• **Exercise description**
The expected answer is the data below, printed verbatim without its pictures.

• **Given information**

____

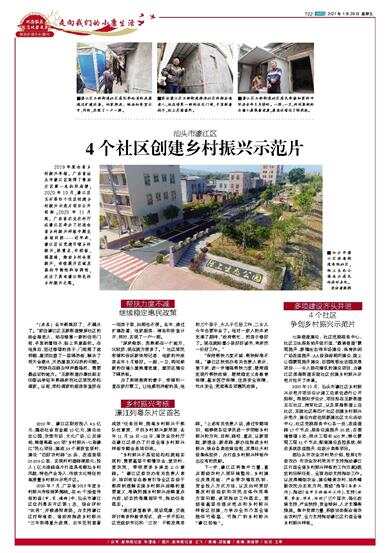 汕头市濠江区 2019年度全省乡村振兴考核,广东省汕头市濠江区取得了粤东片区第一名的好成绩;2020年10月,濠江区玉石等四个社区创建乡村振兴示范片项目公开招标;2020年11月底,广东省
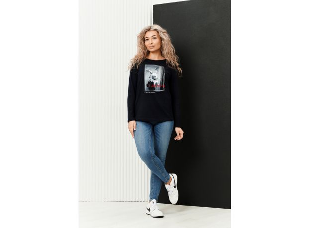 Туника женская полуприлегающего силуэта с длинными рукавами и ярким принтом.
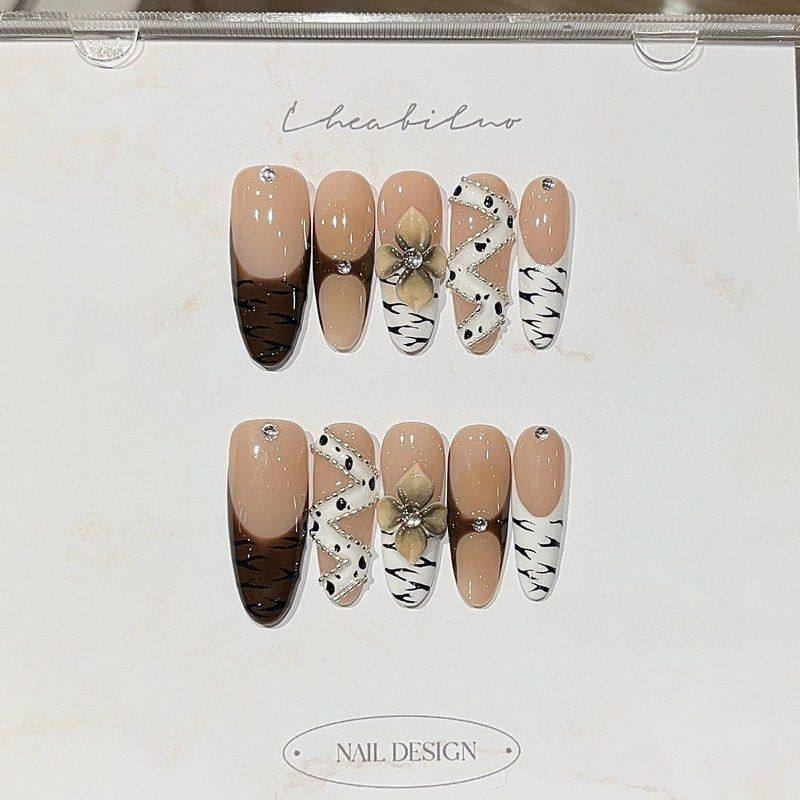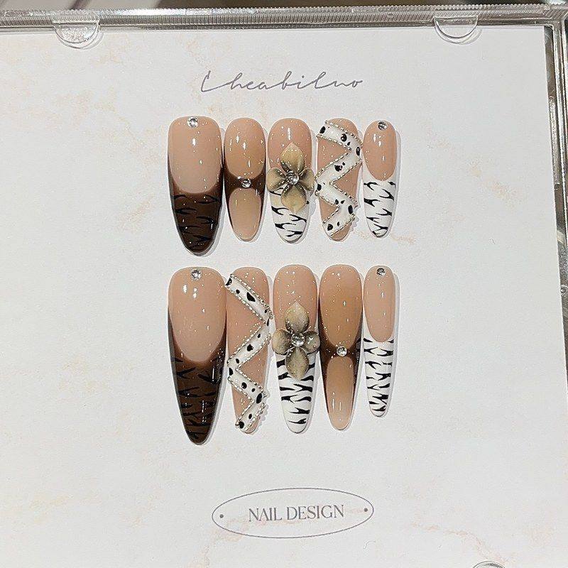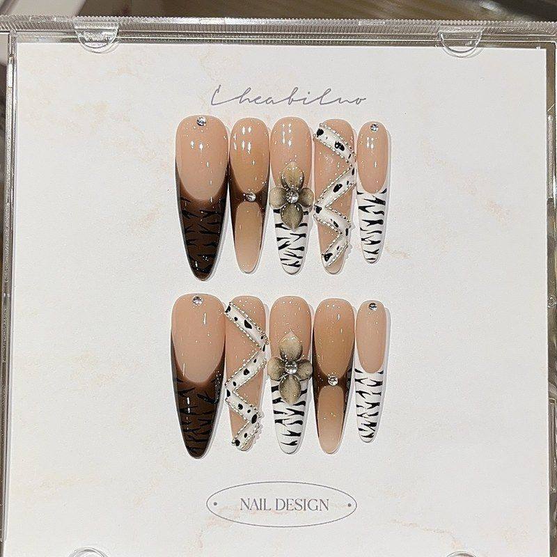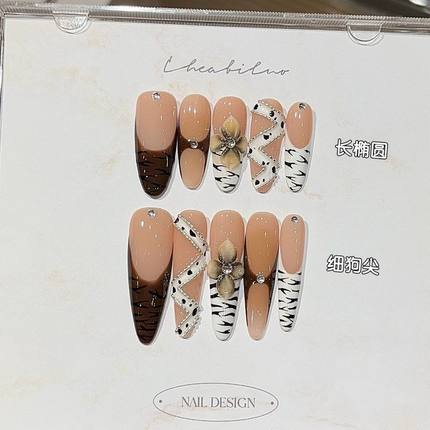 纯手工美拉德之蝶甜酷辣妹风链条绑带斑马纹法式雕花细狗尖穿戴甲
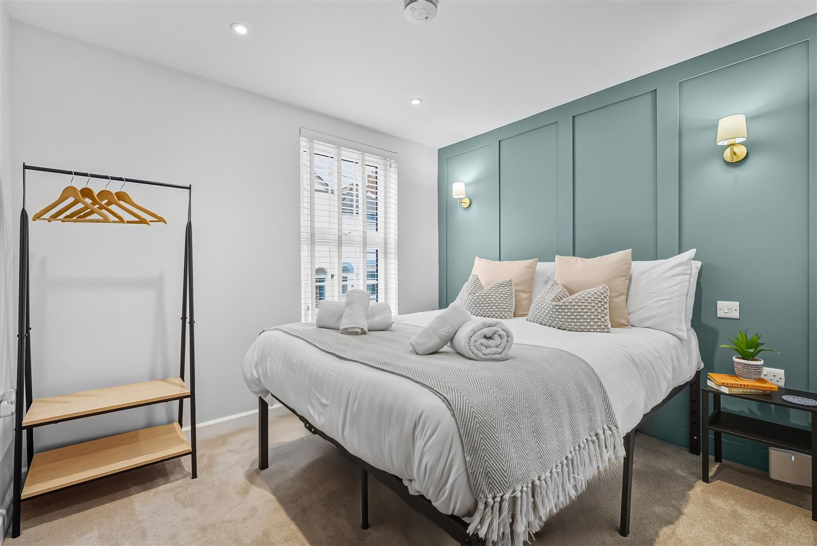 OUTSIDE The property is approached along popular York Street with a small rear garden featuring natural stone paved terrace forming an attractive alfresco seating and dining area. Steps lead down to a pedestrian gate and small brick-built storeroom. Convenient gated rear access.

____

• **Answer section**
 汕头市濠江区 2019年度全省乡村振兴考核,广东省汕头市濠江区取得了粤东片区第一名的好成绩;2020年10月,濠江区玉石等四个社区创建乡村振兴示范片项目公开招标;2020年11月底,广东省
 Туника женская полуприлегающего силуэта с длинными рукавами и ярким принтом.
 纯手工美拉德之蝶甜酷辣妹风链条绑带斑马纹法式雕花细狗尖穿戴甲
 OUTSIDE The property is approached along popular York Street with a small rear garden featuring natural stone paved terrace forming an attractive alfresco seating and dining area. Steps lead down to a pedestrian gate and small brick-built storeroom. Convenient gated rear access.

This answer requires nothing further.